Às 23h30 daquela noite, minha caminhonete estava carregada.

Às 11h50, eu estava estacionada em frente à casa de Lara, em uma rua tranquila de Coyoacán. Minha pequena lanterna estava acesa e os vasos de flores estavam arrumados. Coloquei as coisas dele sob o toldo, posicionei a mala preta em cima e deixei um bilhete bem à vista.

Pertences pessoais de Emiliano. Agora são seus.

Voltei para casa com as janelas abertas, o vento de março chicoteando meu rosto, um pensamento pesando no meu peito: eu não me permitiria mais ser humilhada por um homem que confundiu amor com consentimento. Assim que cheguei, liguei para um chaveiro de emergência. Ele trocou as fechaduras, reprogramou o sistema de acesso digital e me cobrou uma quantia exorbitante. Paguei sem hesitar. Ainda era mais barato do que dividir meu apartamento com um homem infiel.

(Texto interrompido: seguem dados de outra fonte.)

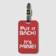 Marokko Nationalflagge Funny Patriotic Gepäck Tag mit den marokkanischen nationalen Flaggen Farben, die die Vorderseite des Tags bedecken. Witziger Text "Legen Sie es zurück! Es ist MINE" ist über die Flaggenfarben geschrieben. Der Text kann mit der Funktion "Anpassen!" vollständig angepasst werden. Die andere Seite des Tags ist für Ihre Informationen reserviert. Dieser super spaßige Marokko Gepäcktag ist der perfekte Begleiter für Ihre Reisetasche und das schöne Geschenk für jeden Anlass. © CountriesOfTheWorld

As ligações começaram antes da meia-noite.

Certo, o que você fez?

Responda. Isso não tem graça.

Onde estão minhas coisas?

À 1h14 da manhã, ele começou a bater violentamente na minha porta da frente. Eu o vi pela campainha com vídeo. Ele estava lá, ainda vestindo a mesma camisa azul-escura do domingo passado, cambaleando até a minha porta e agindo como um furioso, como se fosse a vítima.